• _Your task_: Only these lines of the data below are wanted: the one with "Black U-shaped Panel", the one with "Na figura 9, a", and any lines between them, each repeated exactly.

• _Available records_:
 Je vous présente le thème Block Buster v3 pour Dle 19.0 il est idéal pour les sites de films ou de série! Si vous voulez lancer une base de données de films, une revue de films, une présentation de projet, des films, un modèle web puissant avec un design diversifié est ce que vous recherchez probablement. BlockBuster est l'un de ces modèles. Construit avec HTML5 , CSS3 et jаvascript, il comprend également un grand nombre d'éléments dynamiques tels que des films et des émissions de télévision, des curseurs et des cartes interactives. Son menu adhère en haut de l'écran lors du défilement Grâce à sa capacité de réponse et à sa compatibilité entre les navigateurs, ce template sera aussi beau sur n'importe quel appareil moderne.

==

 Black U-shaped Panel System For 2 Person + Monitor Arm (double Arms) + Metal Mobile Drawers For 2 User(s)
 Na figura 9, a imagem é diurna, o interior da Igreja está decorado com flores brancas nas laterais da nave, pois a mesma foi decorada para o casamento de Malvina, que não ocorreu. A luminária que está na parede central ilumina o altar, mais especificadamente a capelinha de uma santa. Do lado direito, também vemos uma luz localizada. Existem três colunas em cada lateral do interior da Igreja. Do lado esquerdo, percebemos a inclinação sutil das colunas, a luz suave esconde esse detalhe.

• _Task solution_:
 Black U-shaped Panel System For 2 Person + Monitor Arm (double Arms) + Metal Mobile Drawers For 2 User(s)
 Na figura 9, a imagem é diurna, o interior da Igreja está decorado com flores brancas nas laterais da nave, pois a mesma foi decorada para o casamento de Malvina, que não ocorreu. A luminária que está na parede central ilumina o altar, mais especificadamente a capelinha de uma santa. Do lado direito, também vemos uma luz localizada. Existem três colunas em cada lateral do interior da Igreja. Do lado esquerdo, percebemos a inclinação sutil das colunas, a luz suave esconde esse detalhe.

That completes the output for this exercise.